- _DATA FOR PROCESSING_
BEGIN
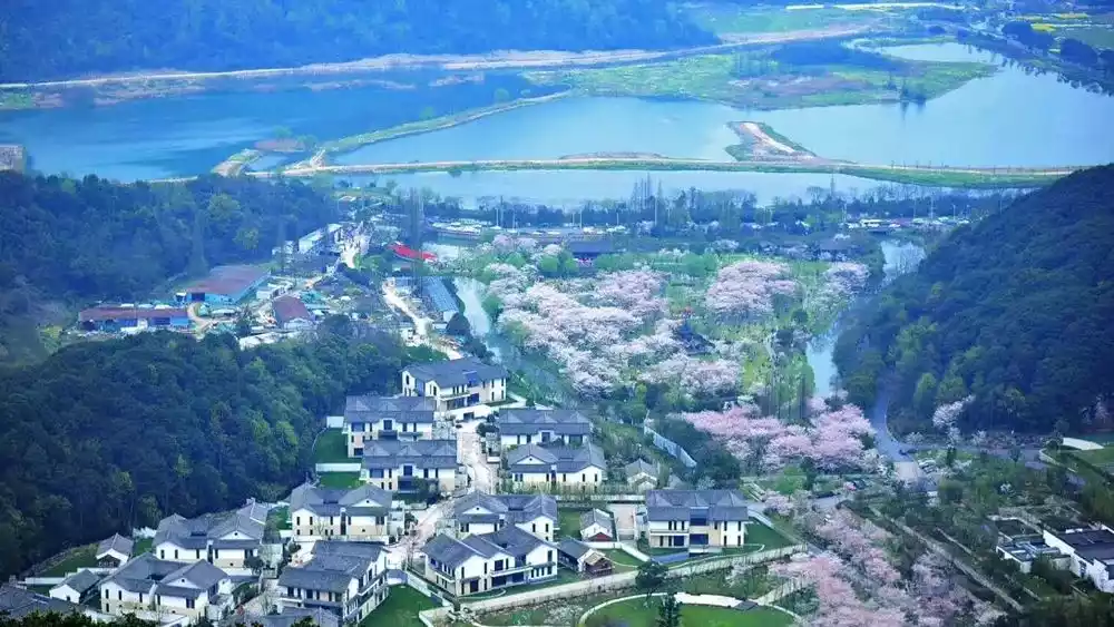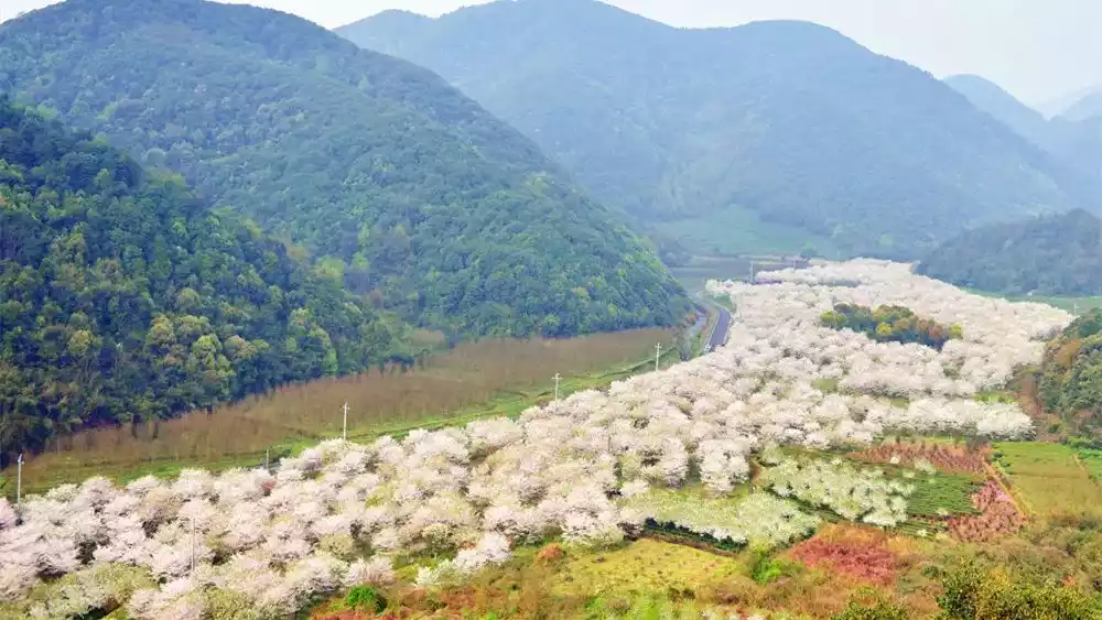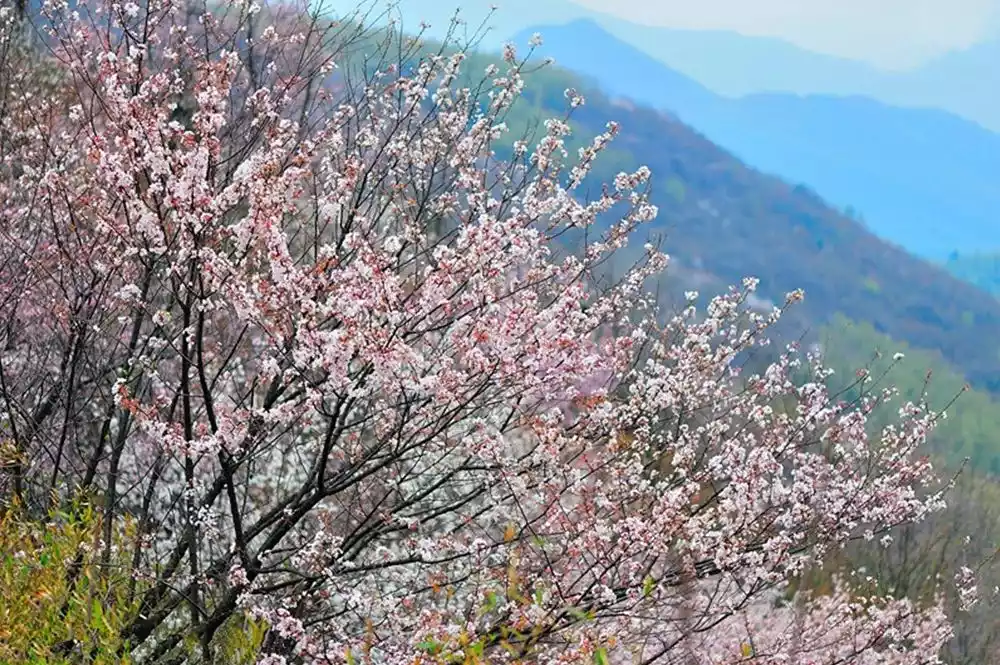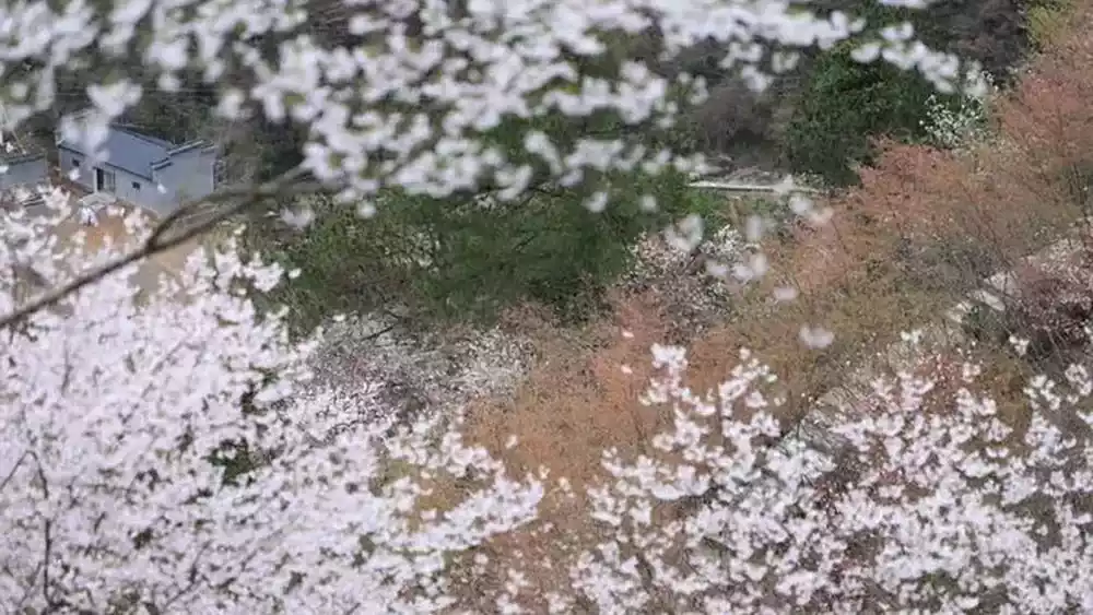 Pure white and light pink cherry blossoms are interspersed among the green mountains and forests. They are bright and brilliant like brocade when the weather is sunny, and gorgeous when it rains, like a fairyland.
END
BEGIN
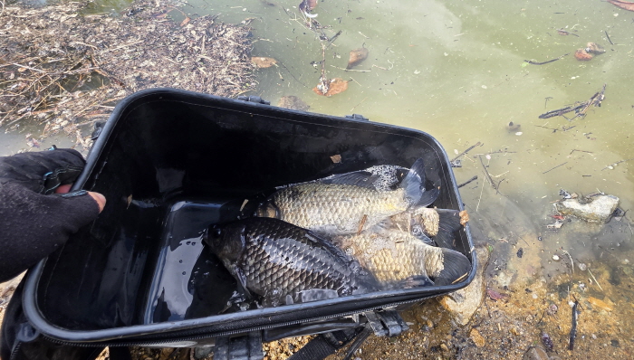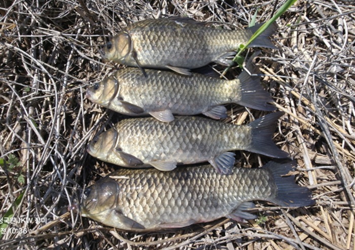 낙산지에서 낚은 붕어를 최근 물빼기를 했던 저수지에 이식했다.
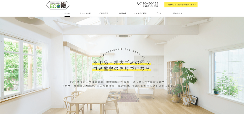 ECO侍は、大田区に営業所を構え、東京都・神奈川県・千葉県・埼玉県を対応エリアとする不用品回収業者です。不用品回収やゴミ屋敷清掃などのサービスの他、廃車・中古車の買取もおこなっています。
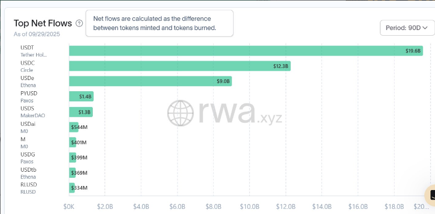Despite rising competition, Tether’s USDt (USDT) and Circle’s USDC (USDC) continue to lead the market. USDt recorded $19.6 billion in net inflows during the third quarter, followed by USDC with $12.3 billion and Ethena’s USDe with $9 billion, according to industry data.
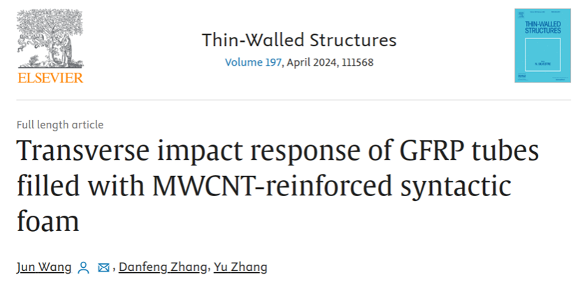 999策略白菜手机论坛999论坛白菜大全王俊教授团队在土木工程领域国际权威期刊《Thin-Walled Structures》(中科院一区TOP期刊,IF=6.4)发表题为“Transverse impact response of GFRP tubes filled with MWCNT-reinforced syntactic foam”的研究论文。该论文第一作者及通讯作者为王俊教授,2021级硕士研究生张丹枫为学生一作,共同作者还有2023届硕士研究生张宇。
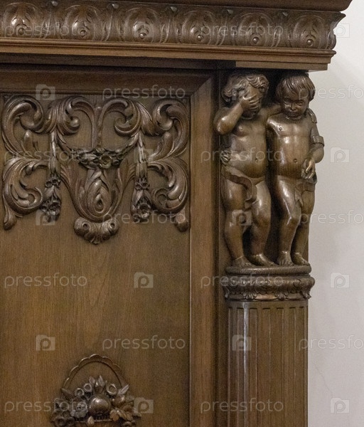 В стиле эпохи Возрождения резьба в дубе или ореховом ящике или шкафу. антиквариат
END
- _EXERCISE PROMPT_
Please copy the lines above exactly, starting at the line that holds "Despite rising competition, Tether’s" and ending at the line that holds "В стиле эпохи"; include both, but no pictures.

- _YOUR RESPONSE_
Despite rising competition, Tether’s USDt (USDT) and Circle’s USDC (USDC) continue to lead the market. USDt recorded $19.6 billion in net inflows during the third quarter, followed by USDC with $12.3 billion and Ethena’s USDe with $9 billion, according to industry data.
 999策略白菜手机论坛999论坛白菜大全王俊教授团队在土木工程领域国际权威期刊《Thin-Walled Structures》(中科院一区TOP期刊,IF=6.4)发表题为“Transverse impact response of GFRP tubes filled with MWCNT-reinforced syntactic foam”的研究论文。该论文第一作者及通讯作者为王俊教授,2021级硕士研究生张丹枫为学生一作,共同作者还有2023届硕士研究生张宇。
 В стиле эпохи Возрождения резьба в дубе или ореховом ящике или шкафу. антиквариат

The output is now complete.